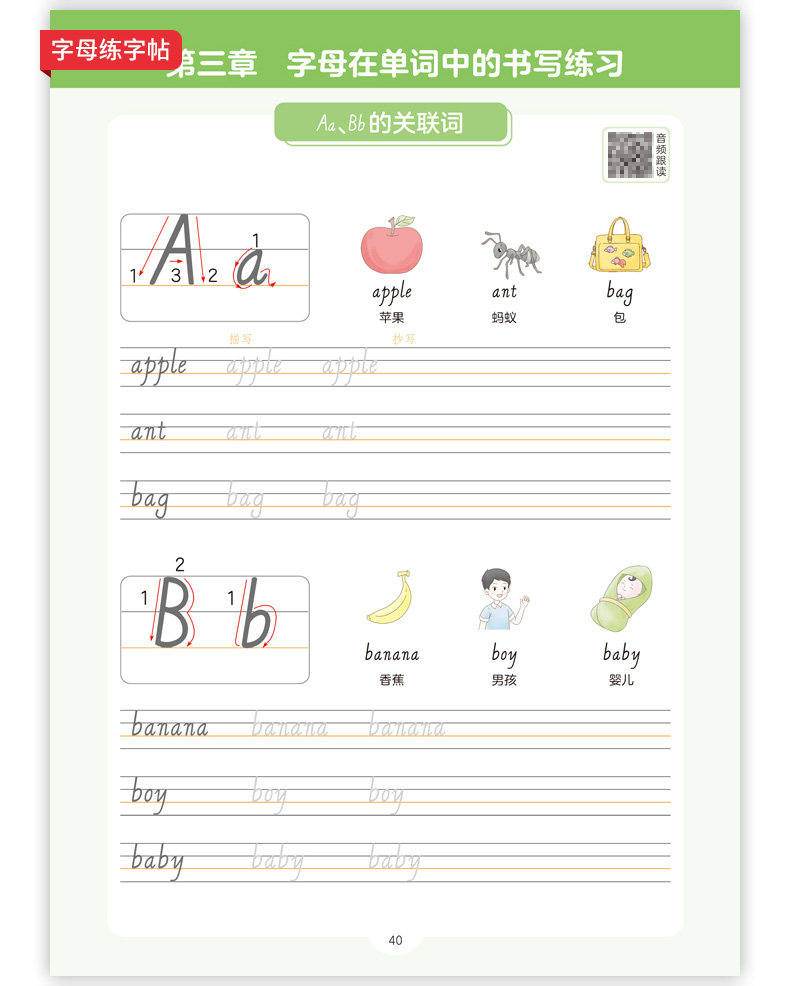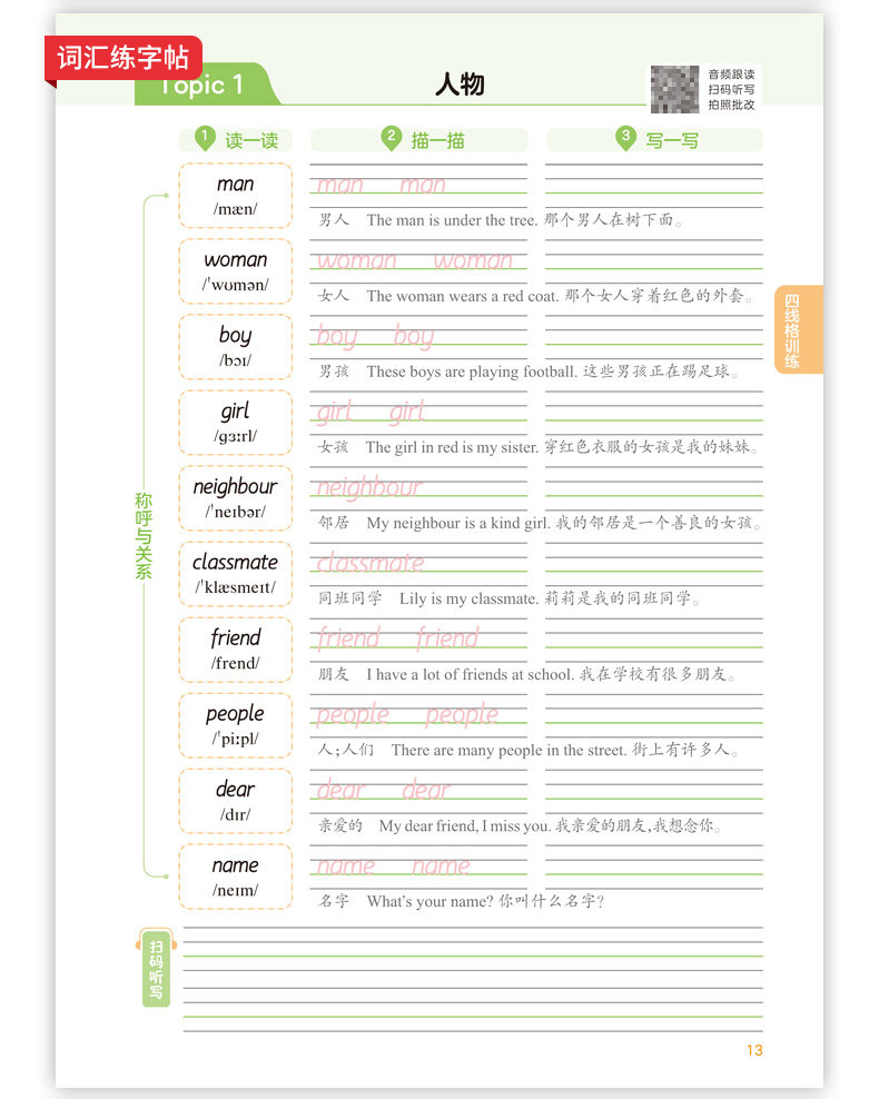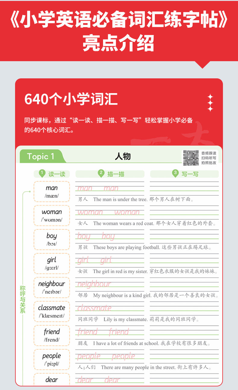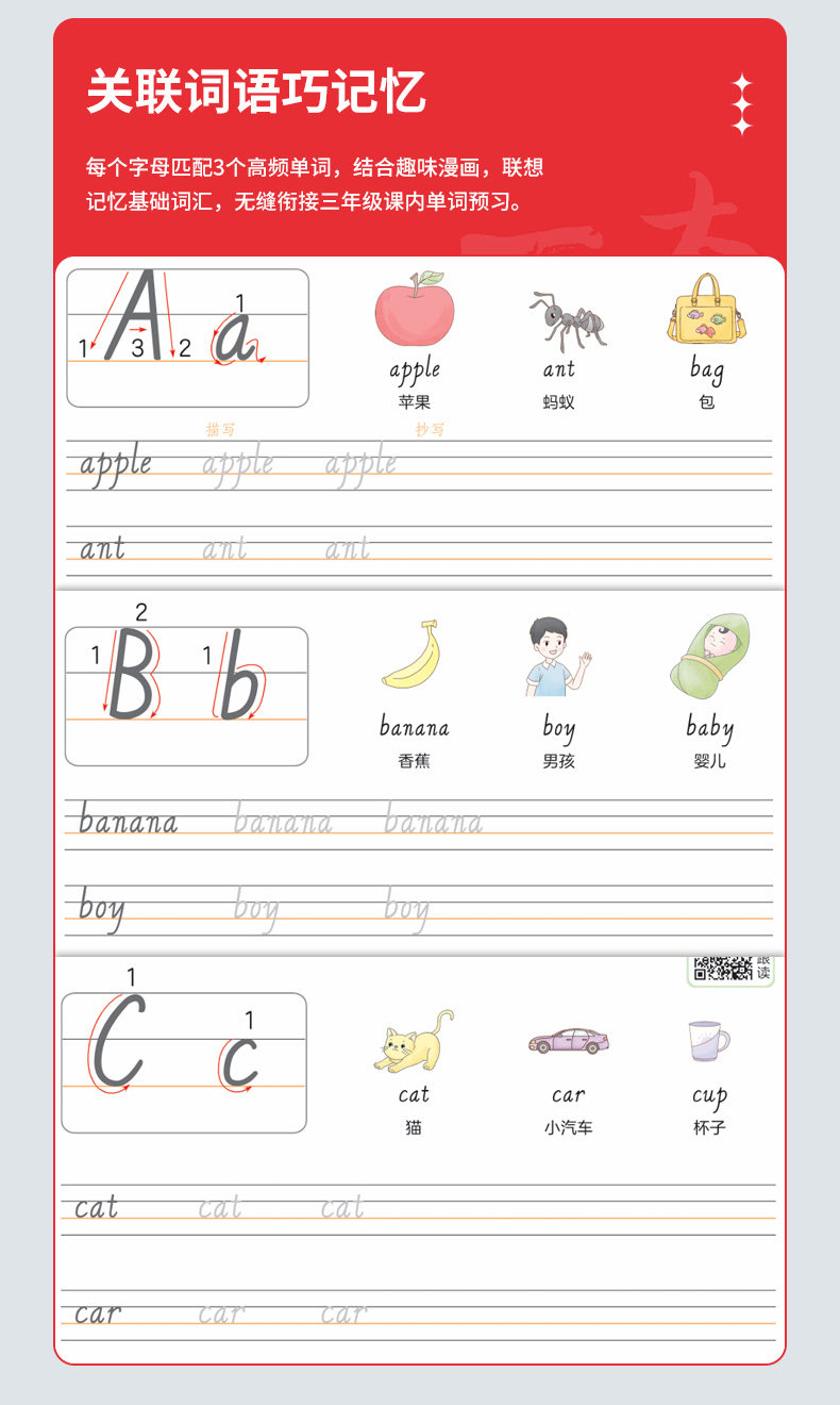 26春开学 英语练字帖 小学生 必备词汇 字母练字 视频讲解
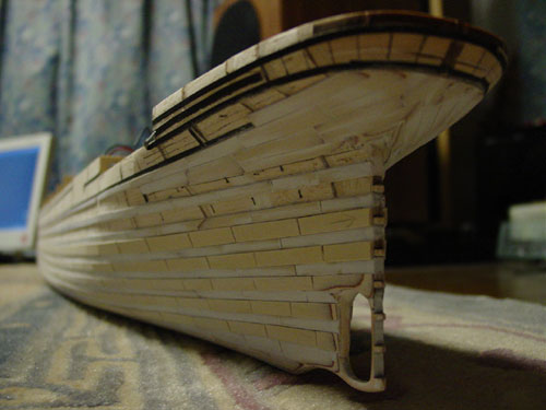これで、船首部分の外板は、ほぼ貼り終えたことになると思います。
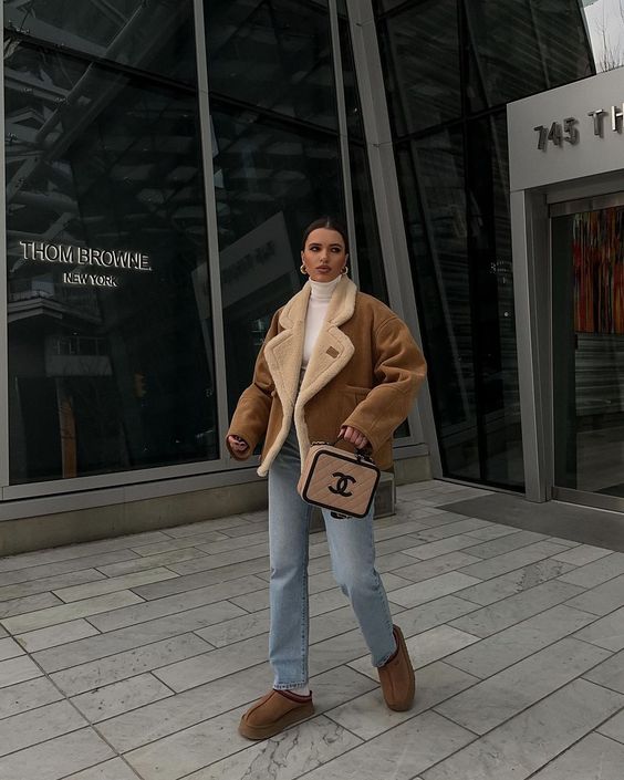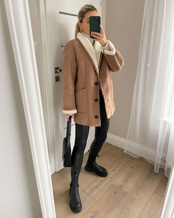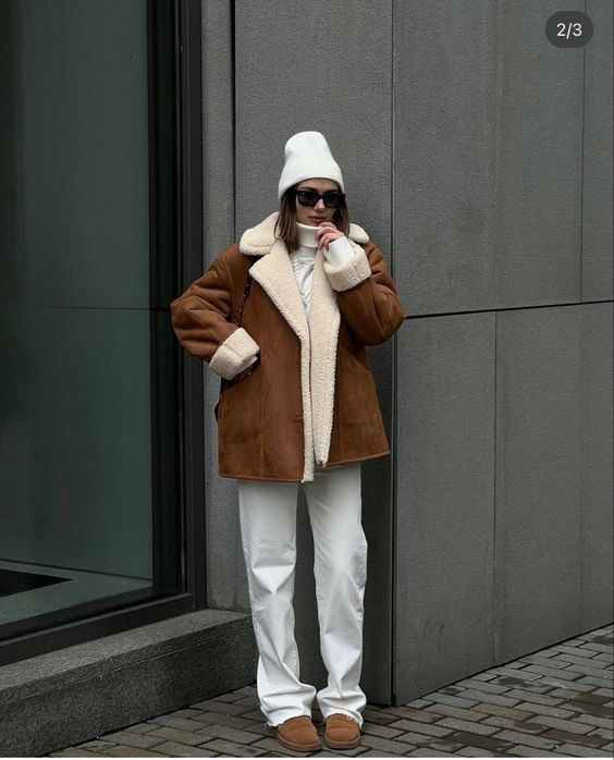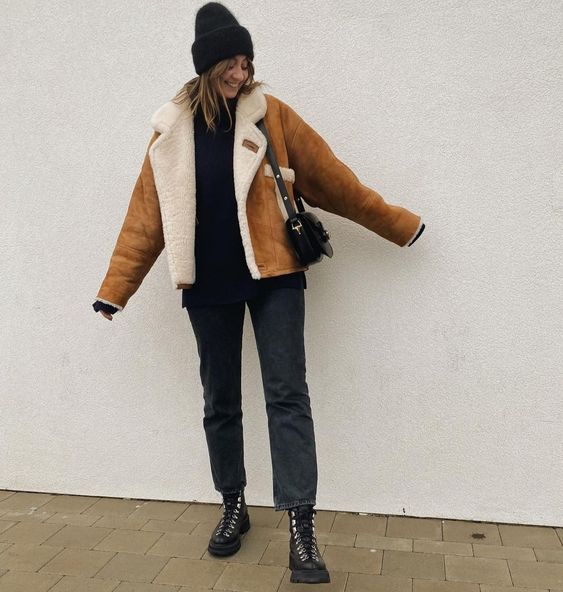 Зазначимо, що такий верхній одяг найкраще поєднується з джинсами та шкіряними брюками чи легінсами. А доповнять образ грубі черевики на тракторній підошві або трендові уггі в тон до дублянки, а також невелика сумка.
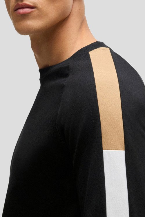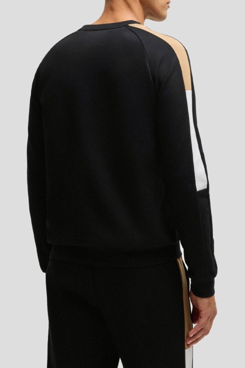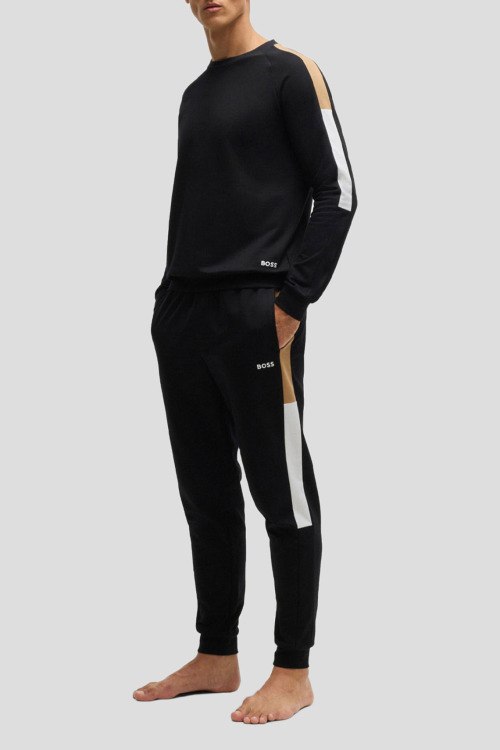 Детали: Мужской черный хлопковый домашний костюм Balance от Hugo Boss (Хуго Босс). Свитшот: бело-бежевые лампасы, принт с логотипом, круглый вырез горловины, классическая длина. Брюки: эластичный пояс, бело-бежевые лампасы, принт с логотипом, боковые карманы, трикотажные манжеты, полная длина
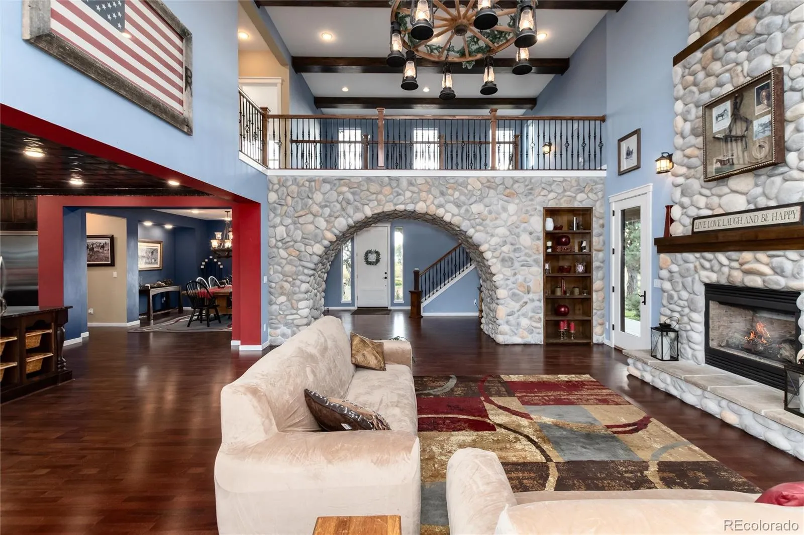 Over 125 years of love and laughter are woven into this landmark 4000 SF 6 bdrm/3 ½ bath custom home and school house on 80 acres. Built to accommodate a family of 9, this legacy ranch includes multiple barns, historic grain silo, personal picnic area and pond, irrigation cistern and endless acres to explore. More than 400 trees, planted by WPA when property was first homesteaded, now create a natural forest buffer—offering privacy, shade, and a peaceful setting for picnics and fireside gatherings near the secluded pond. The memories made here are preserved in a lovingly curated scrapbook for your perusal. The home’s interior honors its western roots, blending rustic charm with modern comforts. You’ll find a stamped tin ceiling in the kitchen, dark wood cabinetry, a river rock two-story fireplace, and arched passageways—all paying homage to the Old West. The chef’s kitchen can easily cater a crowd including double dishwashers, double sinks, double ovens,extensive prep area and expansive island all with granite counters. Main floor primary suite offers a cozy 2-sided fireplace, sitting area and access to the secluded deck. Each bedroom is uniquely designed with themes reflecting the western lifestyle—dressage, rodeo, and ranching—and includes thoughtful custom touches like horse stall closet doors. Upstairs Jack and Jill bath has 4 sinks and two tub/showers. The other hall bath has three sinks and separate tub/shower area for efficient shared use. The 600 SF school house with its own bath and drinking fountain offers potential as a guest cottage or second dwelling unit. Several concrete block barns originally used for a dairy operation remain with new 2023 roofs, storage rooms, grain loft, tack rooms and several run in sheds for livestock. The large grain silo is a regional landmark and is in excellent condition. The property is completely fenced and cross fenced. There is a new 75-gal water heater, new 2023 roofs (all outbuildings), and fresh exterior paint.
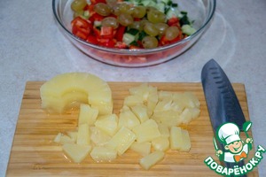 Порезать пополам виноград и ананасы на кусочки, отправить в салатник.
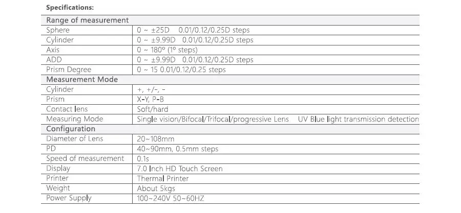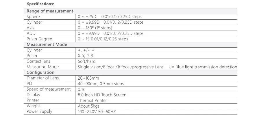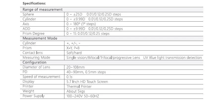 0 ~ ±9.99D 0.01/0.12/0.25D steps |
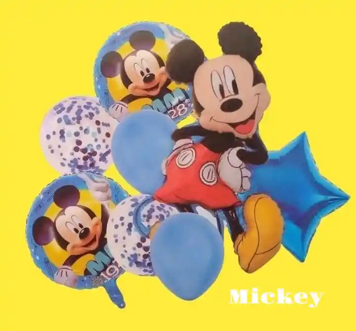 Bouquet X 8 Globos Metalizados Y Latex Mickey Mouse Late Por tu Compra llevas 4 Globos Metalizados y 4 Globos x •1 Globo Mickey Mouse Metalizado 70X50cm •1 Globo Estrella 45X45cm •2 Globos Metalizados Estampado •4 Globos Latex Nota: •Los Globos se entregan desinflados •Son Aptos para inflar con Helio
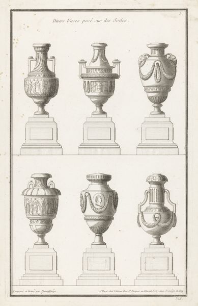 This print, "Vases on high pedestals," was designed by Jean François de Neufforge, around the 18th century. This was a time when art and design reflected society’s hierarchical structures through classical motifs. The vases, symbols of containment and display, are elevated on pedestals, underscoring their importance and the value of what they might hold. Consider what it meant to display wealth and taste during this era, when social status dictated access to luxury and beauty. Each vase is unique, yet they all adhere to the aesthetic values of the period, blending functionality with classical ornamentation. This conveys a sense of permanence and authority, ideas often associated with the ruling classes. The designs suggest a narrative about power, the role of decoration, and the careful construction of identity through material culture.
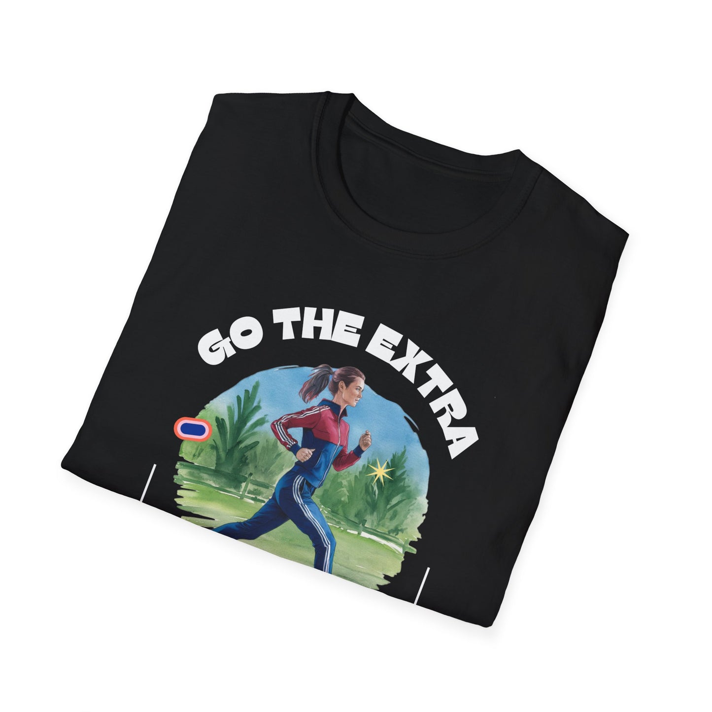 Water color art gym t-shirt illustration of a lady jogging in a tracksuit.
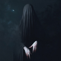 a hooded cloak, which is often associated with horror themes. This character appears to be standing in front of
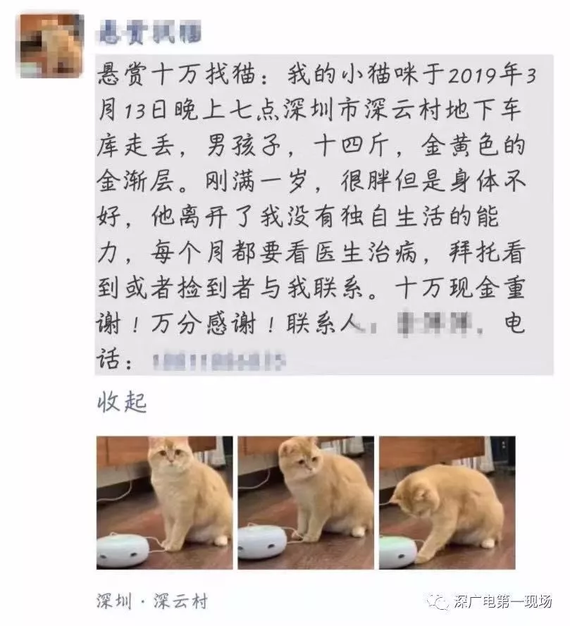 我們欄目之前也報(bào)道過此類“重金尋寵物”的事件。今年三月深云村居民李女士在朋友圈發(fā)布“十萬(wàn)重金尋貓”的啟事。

────

Reproduce, without alteration and without pictures, only those lines that lie between the first line of the entries above and the line containing "Зазначимо, що такий", both of them included.

 26春开学 英语练字帖 小学生 必备词汇 字母练字 视频讲解
これで、船首部分の外板は、ほぼ貼り終えたことになると思います。
 Зазначимо, що такий верхній одяг найкраще поєднується з джинсами та шкіряними брюками чи легінсами. А доповнять образ грубі черевики на тракторній підошві або трендові уггі в тон до дублянки, а також невелика сумка.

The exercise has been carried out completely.